Given data:
■ ■ ■
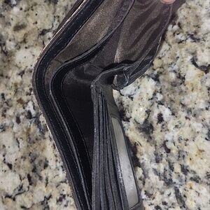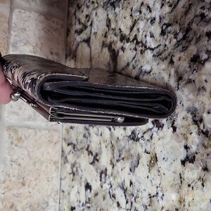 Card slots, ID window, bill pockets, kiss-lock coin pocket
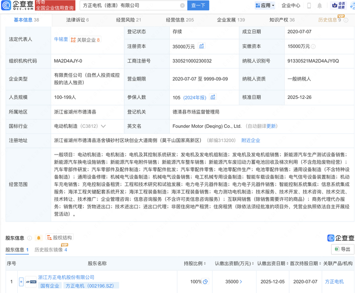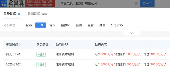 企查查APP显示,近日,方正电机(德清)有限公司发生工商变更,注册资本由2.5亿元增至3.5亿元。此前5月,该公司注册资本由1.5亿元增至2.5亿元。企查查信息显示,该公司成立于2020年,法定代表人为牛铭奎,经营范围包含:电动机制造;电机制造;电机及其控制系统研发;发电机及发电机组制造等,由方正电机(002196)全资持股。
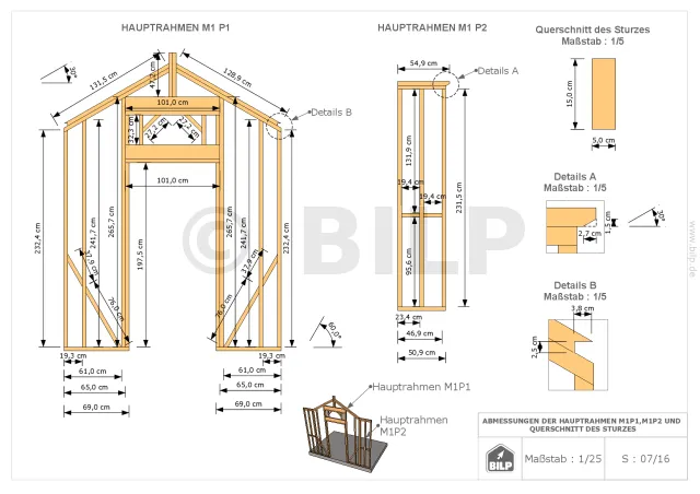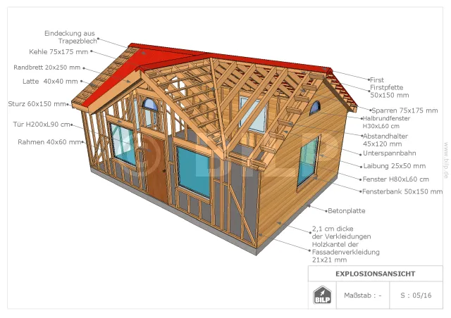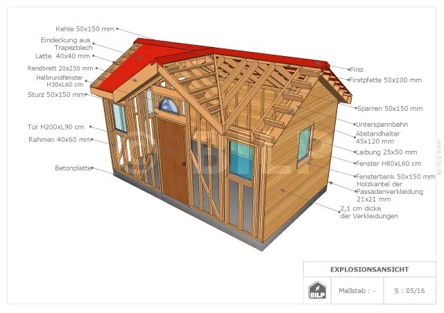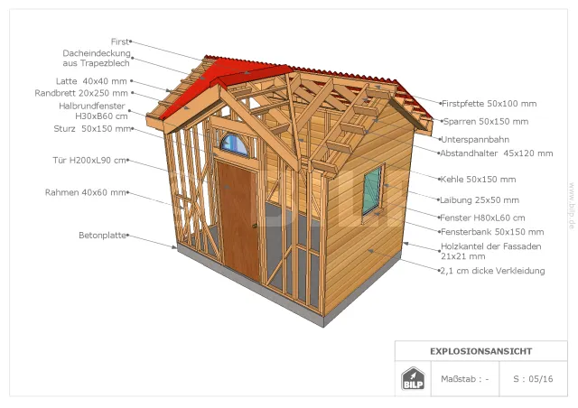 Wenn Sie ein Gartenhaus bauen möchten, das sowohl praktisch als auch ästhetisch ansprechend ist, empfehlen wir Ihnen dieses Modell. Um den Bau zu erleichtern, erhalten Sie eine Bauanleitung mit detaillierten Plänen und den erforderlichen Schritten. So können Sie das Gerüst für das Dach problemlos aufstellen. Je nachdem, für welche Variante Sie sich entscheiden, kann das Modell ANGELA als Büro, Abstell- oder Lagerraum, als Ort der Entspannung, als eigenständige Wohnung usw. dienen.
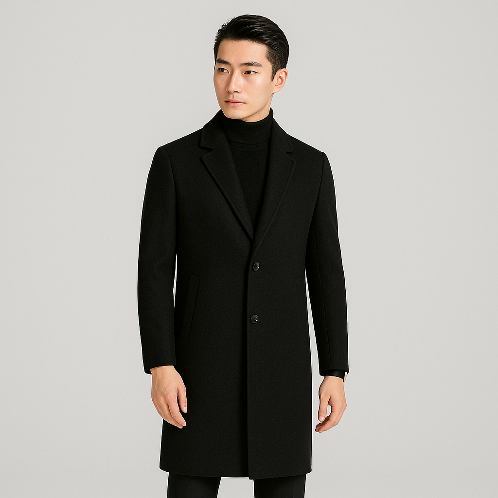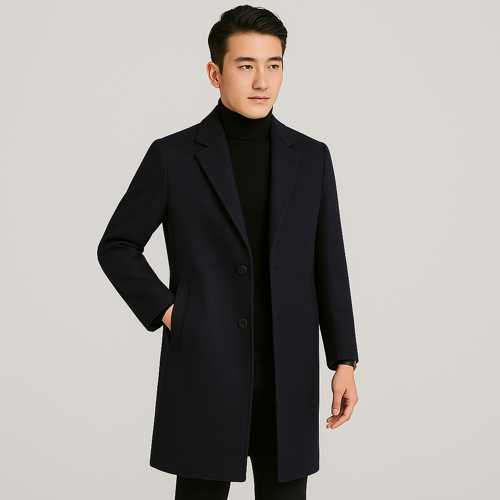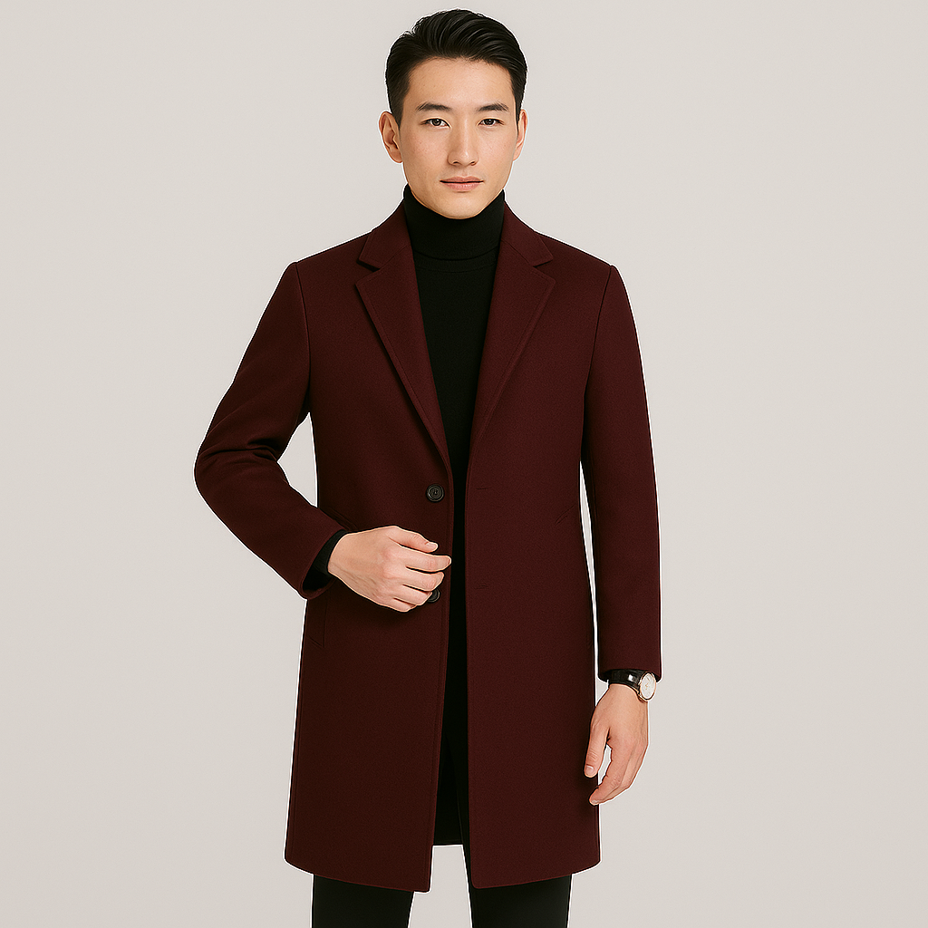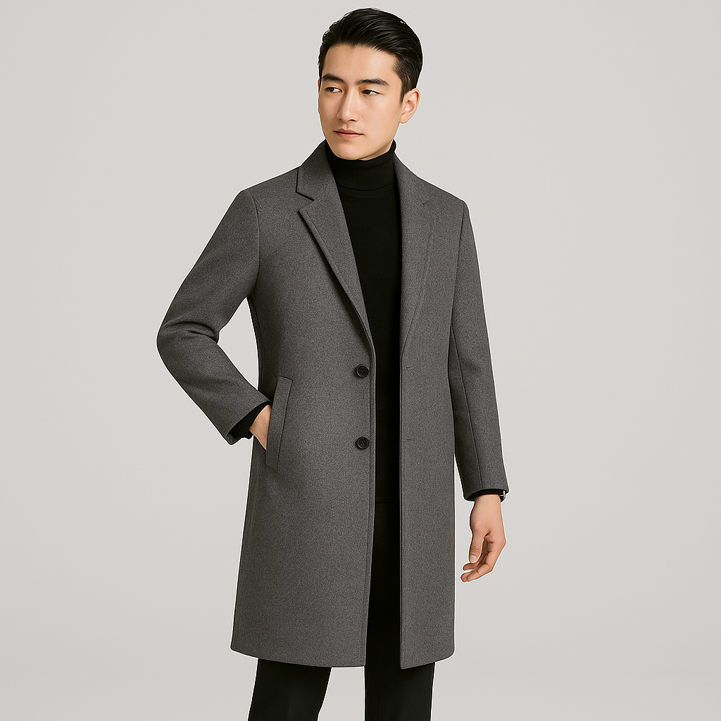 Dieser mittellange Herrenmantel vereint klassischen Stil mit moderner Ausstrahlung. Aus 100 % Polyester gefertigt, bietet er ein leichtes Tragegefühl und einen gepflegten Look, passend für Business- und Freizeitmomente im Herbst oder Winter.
■ ■ ■
Task to carry out:
An exact copy is needed of only the lines from the top of the material through the line with "Wenn Sie ein"; no pictures belong in it.

Response:
 Card slots, ID window, bill pockets, kiss-lock coin pocket
 企查查APP显示,近日,方正电机(德清)有限公司发生工商变更,注册资本由2.5亿元增至3.5亿元。此前5月,该公司注册资本由1.5亿元增至2.5亿元。企查查信息显示,该公司成立于2020年,法定代表人为牛铭奎,经营范围包含:电动机制造;电机制造;电机及其控制系统研发;发电机及发电机组制造等,由方正电机(002196)全资持股。
 Wenn Sie ein Gartenhaus bauen möchten, das sowohl praktisch als auch ästhetisch ansprechend ist, empfehlen wir Ihnen dieses Modell. Um den Bau zu erleichtern, erhalten Sie eine Bauanleitung mit detaillierten Plänen und den erforderlichen Schritten. So können Sie das Gerüst für das Dach problemlos aufstellen. Je nachdem, für welche Variante Sie sich entscheiden, kann das Modell ANGELA als Büro, Abstell- oder Lagerraum, als Ort der Entspannung, als eigenständige Wohnung usw. dienen.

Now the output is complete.